_REQUIRED WORK_: Here the job is to return only the lines of the material, exactly, from the first one to the line with "African Americans, especially".

EXERCISE DATA section start

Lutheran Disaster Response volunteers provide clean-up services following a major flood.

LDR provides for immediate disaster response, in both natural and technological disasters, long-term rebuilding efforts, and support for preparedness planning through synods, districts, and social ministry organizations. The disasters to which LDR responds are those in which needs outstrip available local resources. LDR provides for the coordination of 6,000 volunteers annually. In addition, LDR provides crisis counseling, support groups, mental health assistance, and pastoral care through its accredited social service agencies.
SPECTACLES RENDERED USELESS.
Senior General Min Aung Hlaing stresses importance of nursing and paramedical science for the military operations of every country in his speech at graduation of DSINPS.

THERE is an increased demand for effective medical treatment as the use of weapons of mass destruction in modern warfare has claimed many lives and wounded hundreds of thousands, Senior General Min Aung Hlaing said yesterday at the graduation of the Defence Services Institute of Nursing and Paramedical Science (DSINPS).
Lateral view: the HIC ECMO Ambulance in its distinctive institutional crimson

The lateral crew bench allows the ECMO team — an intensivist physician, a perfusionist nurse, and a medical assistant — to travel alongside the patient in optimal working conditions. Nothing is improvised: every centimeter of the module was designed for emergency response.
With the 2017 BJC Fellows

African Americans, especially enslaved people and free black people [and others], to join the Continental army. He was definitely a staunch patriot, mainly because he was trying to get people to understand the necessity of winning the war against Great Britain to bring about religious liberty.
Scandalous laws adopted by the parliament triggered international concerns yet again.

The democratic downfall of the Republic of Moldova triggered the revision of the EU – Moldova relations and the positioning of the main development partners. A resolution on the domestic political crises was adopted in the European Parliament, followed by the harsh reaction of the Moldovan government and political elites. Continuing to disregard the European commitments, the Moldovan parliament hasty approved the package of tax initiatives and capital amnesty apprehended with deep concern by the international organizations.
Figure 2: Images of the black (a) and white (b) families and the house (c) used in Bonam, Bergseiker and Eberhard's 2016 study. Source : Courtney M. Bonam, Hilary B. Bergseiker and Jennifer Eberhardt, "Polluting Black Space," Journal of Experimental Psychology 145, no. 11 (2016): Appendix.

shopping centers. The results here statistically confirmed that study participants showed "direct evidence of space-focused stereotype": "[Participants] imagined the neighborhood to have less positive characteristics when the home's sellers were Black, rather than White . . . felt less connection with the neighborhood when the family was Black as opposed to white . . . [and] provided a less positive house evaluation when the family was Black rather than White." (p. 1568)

EXERCISE DATA section end

_WRITTEN RESPONSE_:
Lutheran Disaster Response volunteers provide clean-up services following a major flood.

LDR provides for immediate disaster response, in both natural and technological disasters, long-term rebuilding efforts, and support for preparedness planning through synods, districts, and social ministry organizations. The disasters to which LDR responds are those in which needs outstrip available local resources. LDR provides for the coordination of 6,000 volunteers annually. In addition, LDR provides crisis counseling, support groups, mental health assistance, and pastoral care through its accredited social service agencies.
SPECTACLES RENDERED USELESS.
Senior General Min Aung Hlaing stresses importance of nursing and paramedical science for the military operations of every country in his speech at graduation of DSINPS.

THERE is an increased demand for effective medical treatment as the use of weapons of mass destruction in modern warfare has claimed many lives and wounded hundreds of thousands, Senior General Min Aung Hlaing said yesterday at the graduation of the Defence Services Institute of Nursing and Paramedical Science (DSINPS).
Lateral view: the HIC ECMO Ambulance in its distinctive institutional crimson

The lateral crew bench allows the ECMO team — an intensivist physician, a perfusionist nurse, and a medical assistant — to travel alongside the patient in optimal working conditions. Nothing is improvised: every centimeter of the module was designed for emergency response.
With the 2017 BJC Fellows

African Americans, especially enslaved people and free black people [and others], to join the Continental army. He was definitely a staunch patriot, mainly because he was trying to get people to understand the necessity of winning the war against Great Britain to bring about religious liberty.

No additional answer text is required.